> **Task item**
Your output should be exactly the lines from the one containing "Mount the antenna" through the final line of the records, both included, with every picture left out.

> **Record extracts**
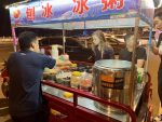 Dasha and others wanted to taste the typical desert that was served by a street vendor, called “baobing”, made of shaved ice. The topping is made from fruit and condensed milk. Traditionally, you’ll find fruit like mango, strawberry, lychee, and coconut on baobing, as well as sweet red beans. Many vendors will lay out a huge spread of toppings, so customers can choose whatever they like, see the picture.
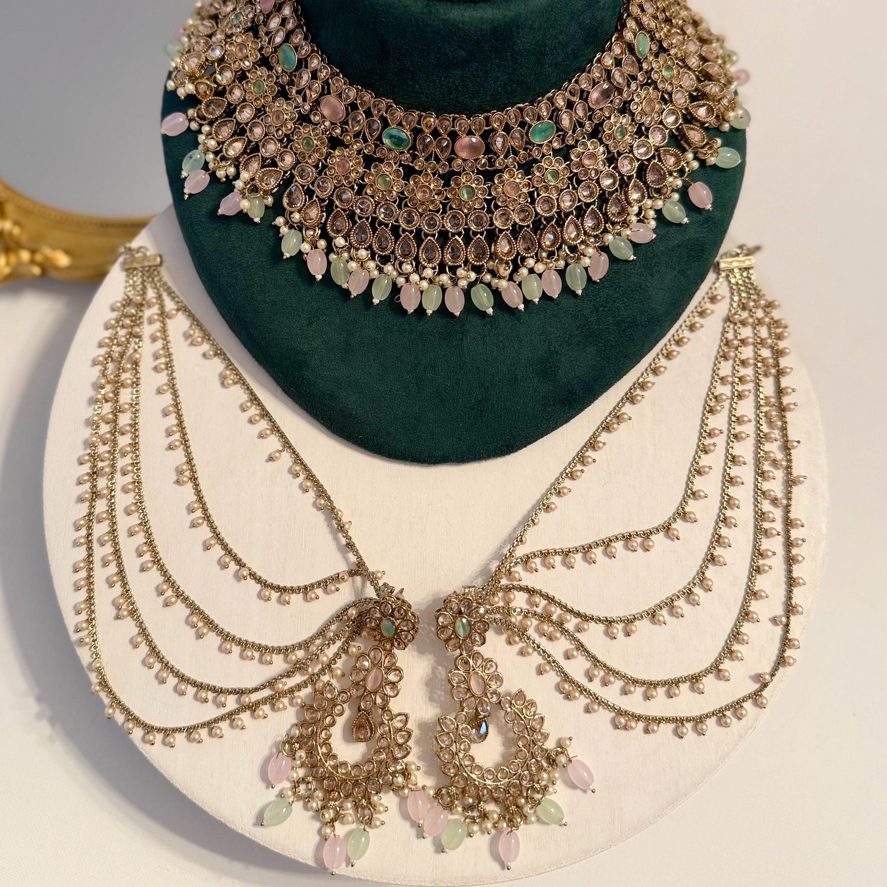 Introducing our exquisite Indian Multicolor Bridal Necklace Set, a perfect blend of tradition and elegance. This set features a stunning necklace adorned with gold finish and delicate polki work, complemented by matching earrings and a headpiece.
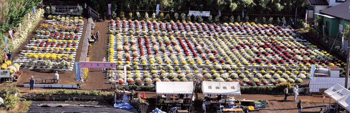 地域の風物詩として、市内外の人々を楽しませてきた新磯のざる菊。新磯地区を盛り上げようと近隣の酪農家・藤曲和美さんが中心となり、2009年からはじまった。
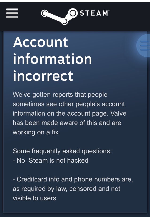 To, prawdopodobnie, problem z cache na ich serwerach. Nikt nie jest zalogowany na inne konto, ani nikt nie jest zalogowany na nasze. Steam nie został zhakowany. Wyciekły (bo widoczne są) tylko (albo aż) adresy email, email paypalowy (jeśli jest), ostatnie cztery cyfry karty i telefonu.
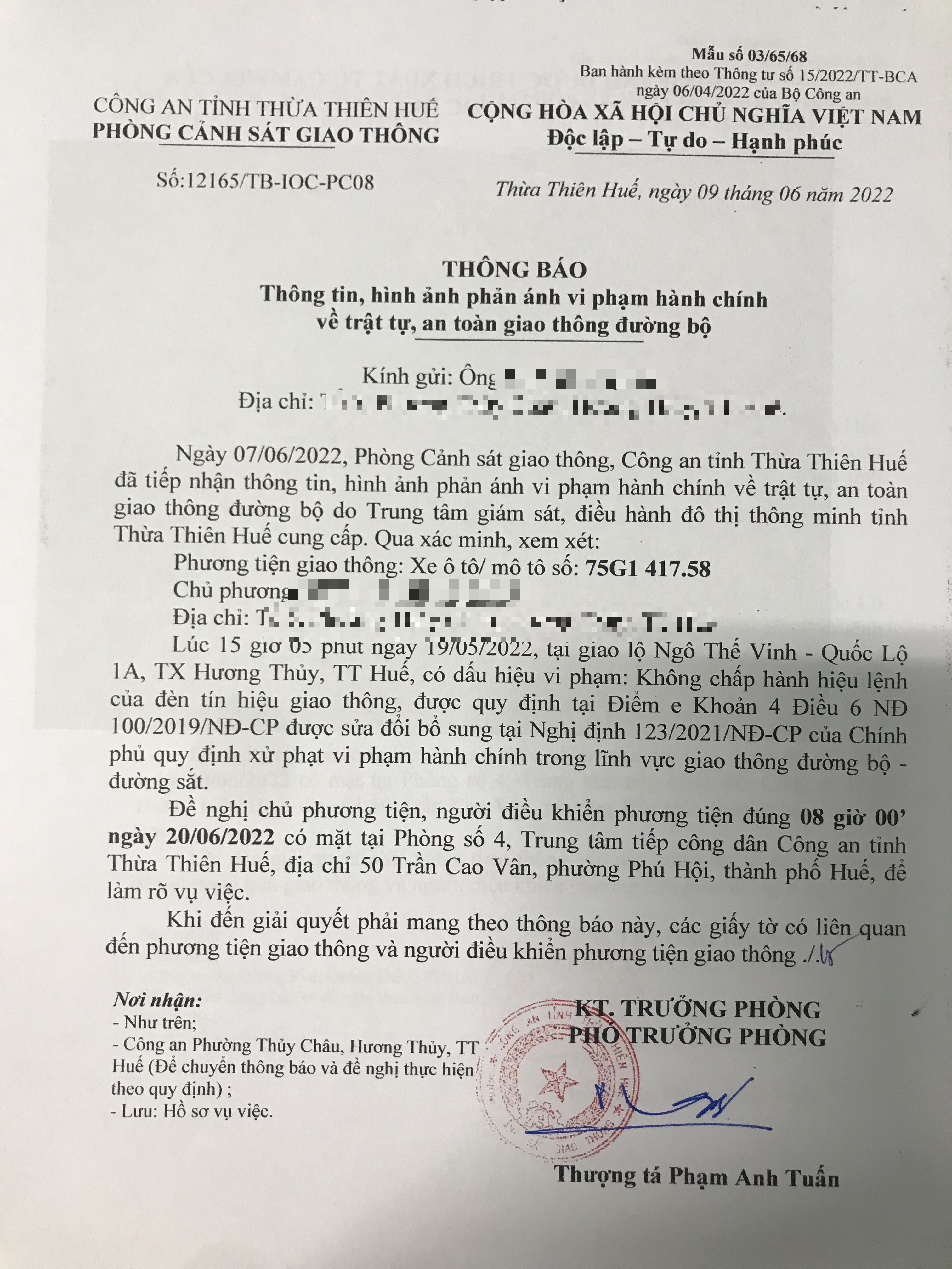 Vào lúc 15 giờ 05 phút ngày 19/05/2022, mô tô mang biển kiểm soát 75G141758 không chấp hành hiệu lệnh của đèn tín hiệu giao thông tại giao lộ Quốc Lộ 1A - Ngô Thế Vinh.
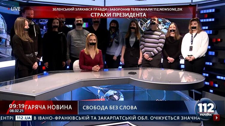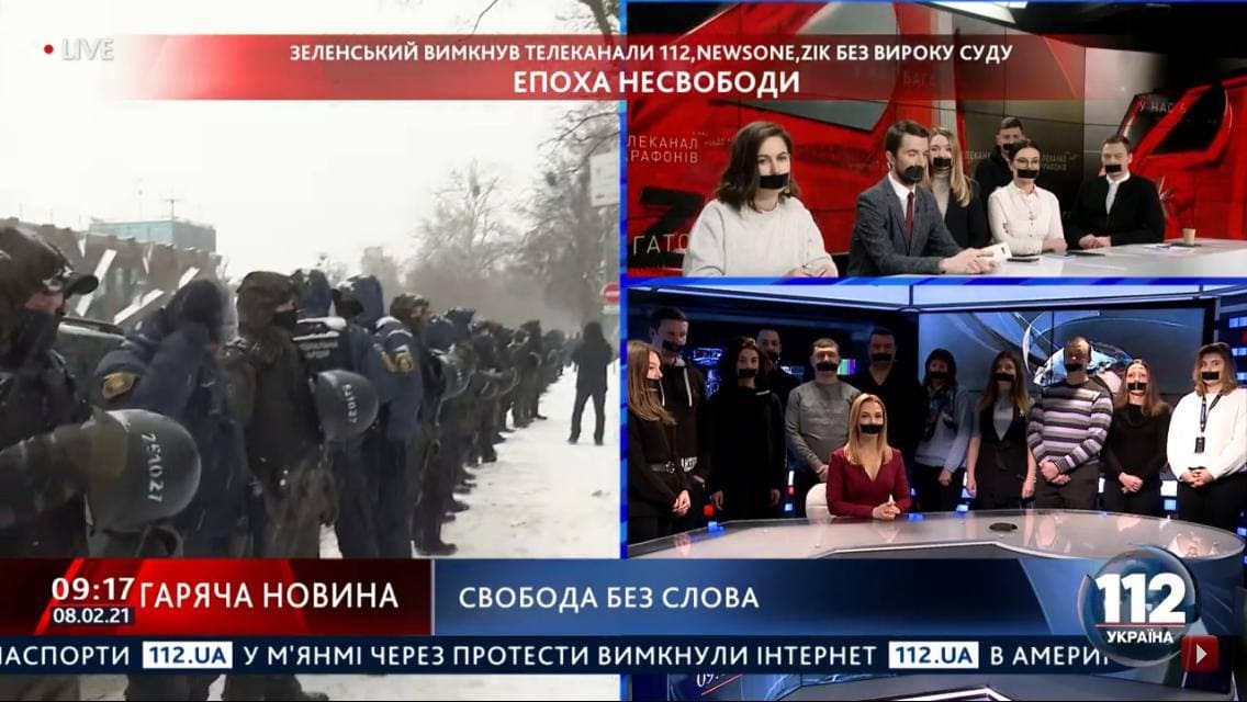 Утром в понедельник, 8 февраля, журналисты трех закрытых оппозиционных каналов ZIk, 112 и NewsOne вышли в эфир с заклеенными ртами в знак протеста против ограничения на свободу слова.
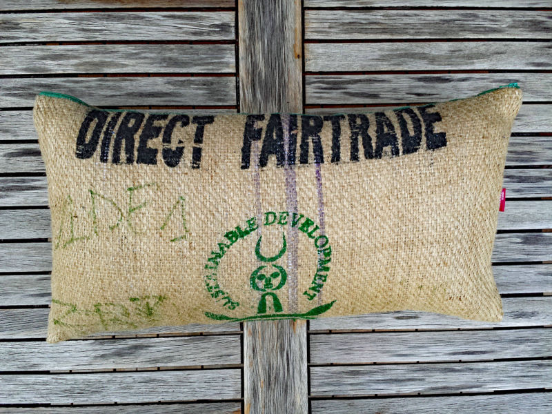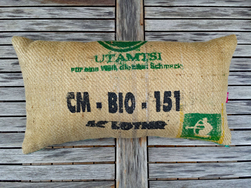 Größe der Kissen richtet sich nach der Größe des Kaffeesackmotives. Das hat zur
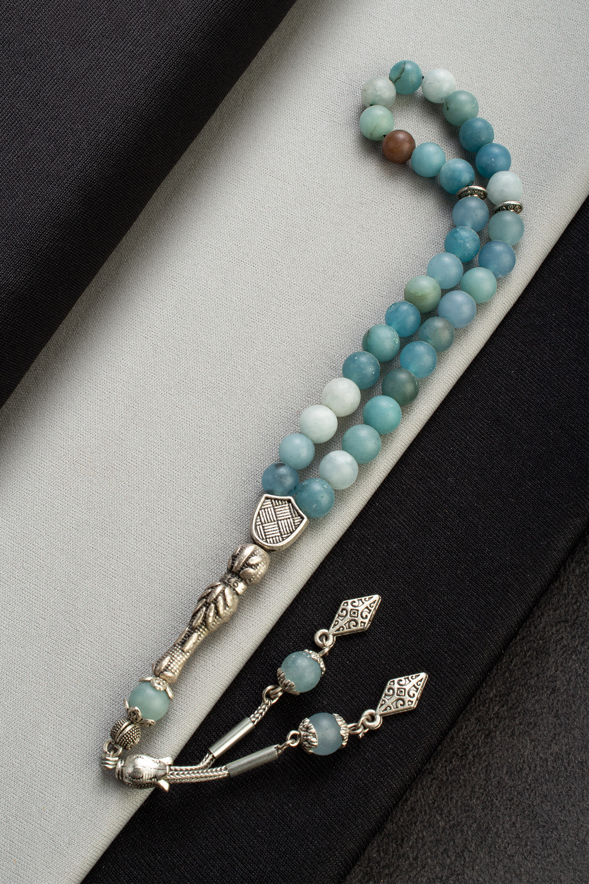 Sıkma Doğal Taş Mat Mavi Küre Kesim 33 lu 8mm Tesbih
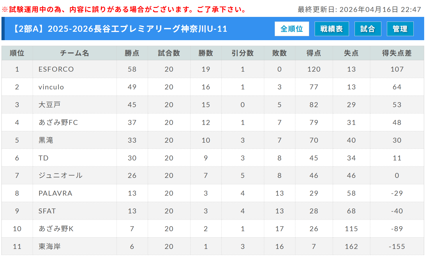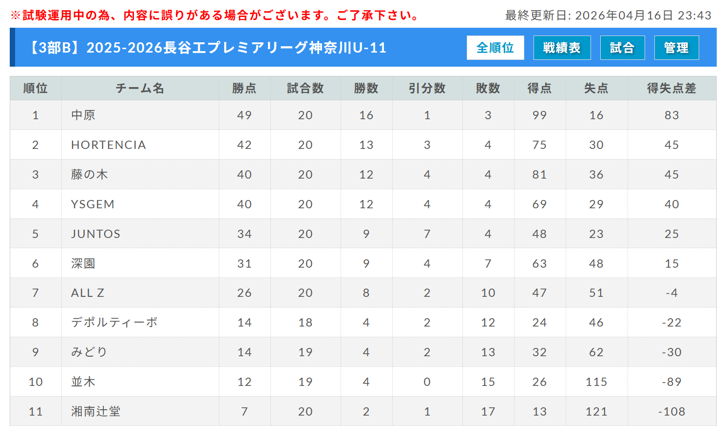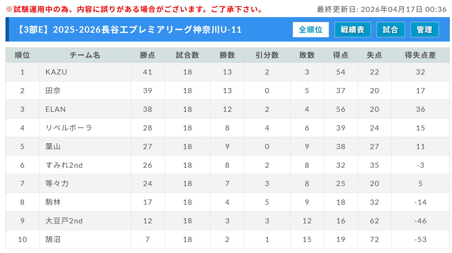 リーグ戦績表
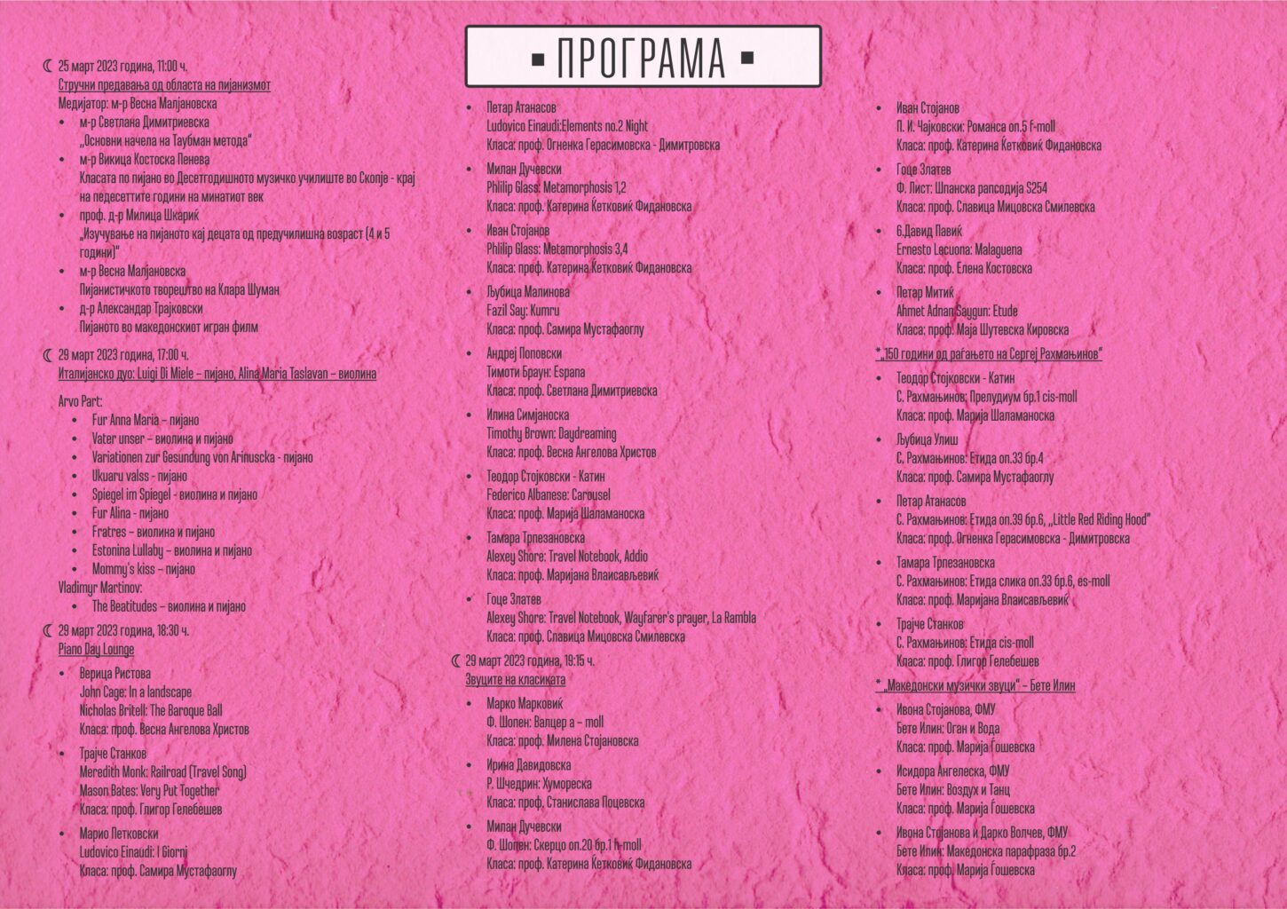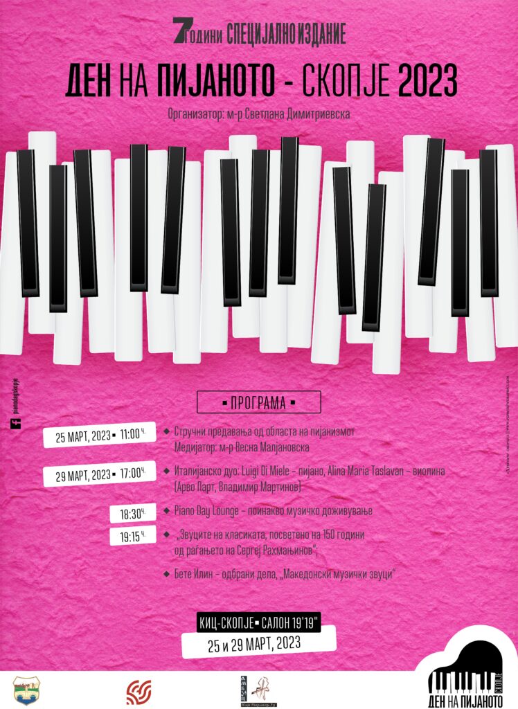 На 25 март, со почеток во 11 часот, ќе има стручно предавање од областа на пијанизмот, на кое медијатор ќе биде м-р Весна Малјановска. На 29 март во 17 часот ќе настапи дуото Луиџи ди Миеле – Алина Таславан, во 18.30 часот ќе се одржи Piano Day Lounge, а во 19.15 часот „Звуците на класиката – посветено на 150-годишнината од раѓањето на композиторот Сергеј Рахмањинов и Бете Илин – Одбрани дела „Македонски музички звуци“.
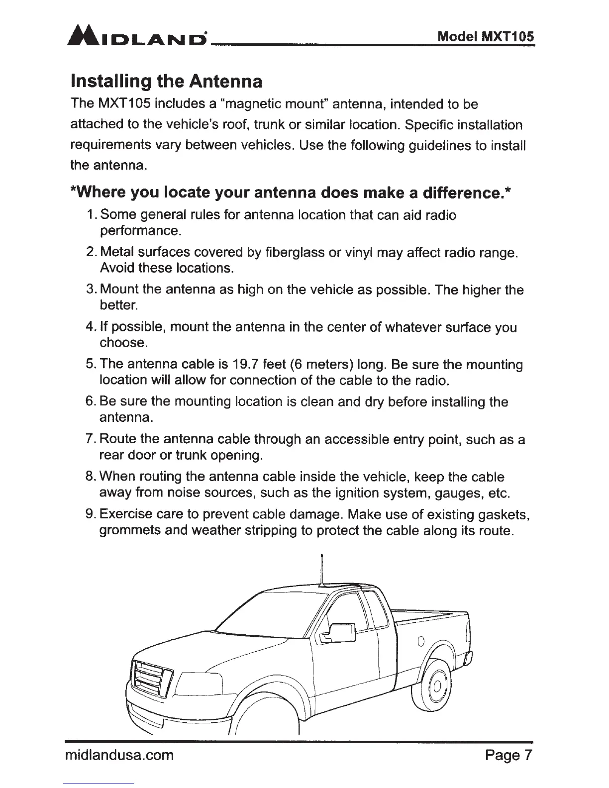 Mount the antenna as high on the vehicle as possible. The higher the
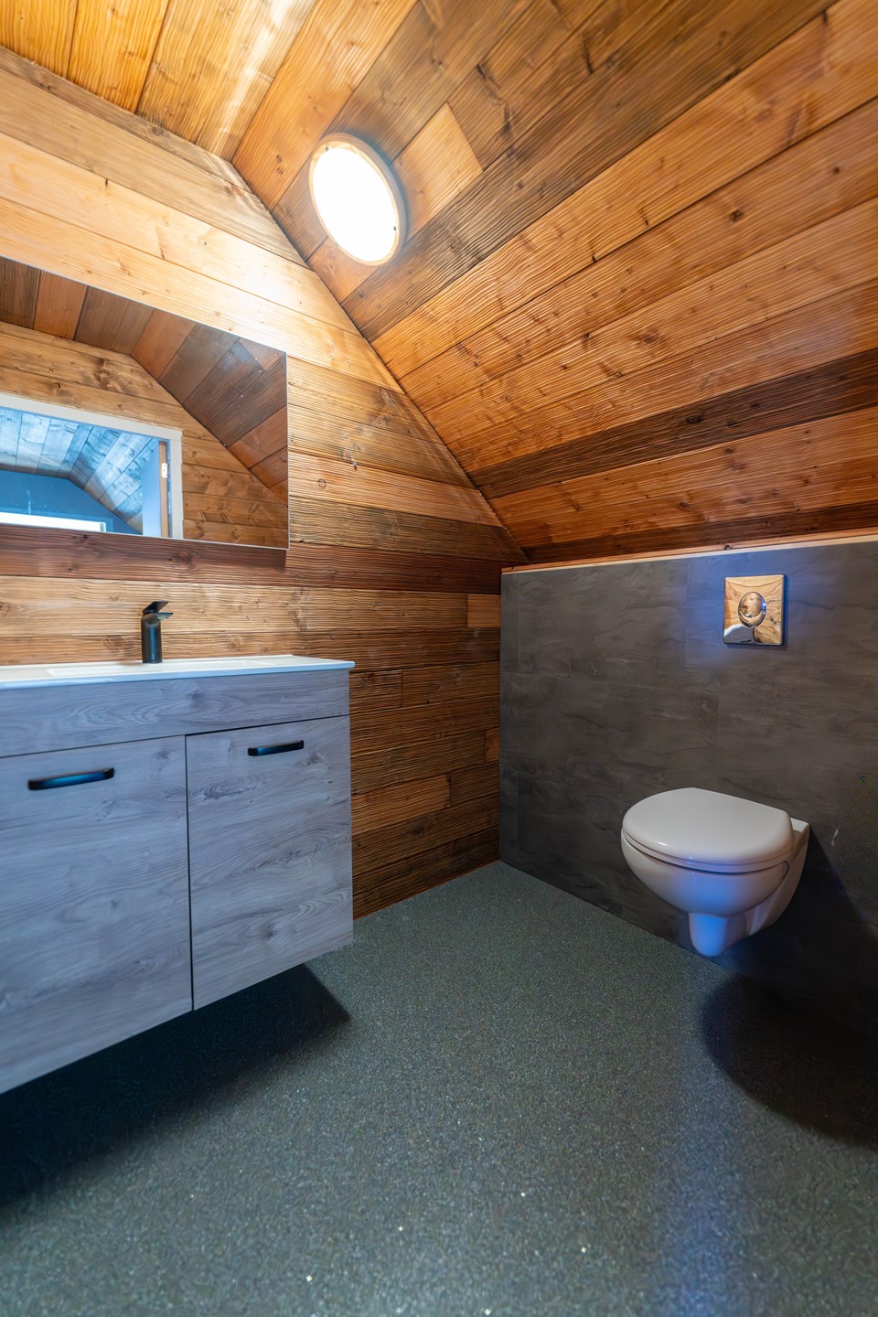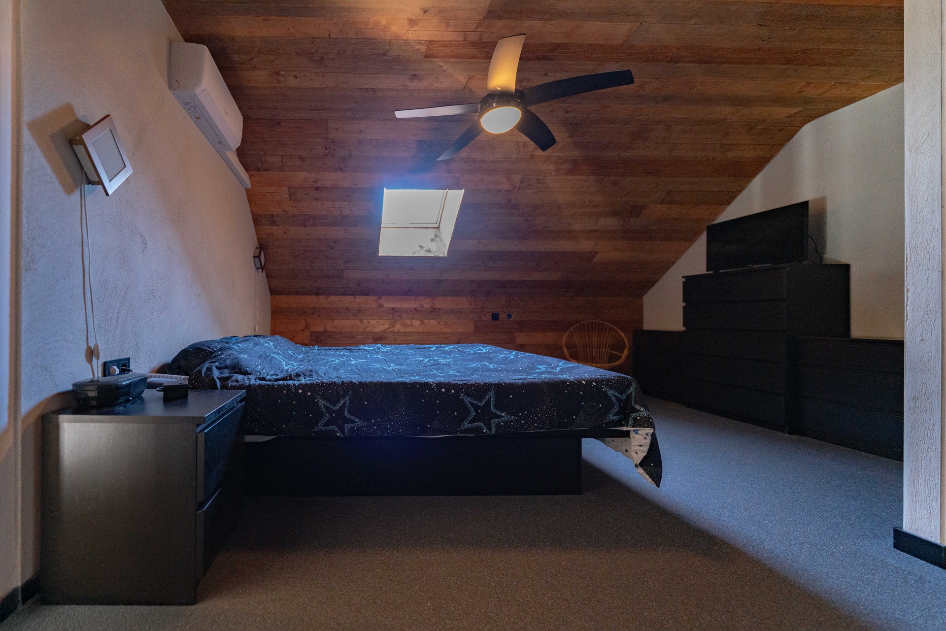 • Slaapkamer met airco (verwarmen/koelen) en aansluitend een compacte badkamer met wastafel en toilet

> **Expected answer**
 Mount the antenna as high on the vehicle as possible. The higher the
 • Slaapkamer met airco (verwarmen/koelen) en aansluitend een compacte badkamer met wastafel en toilet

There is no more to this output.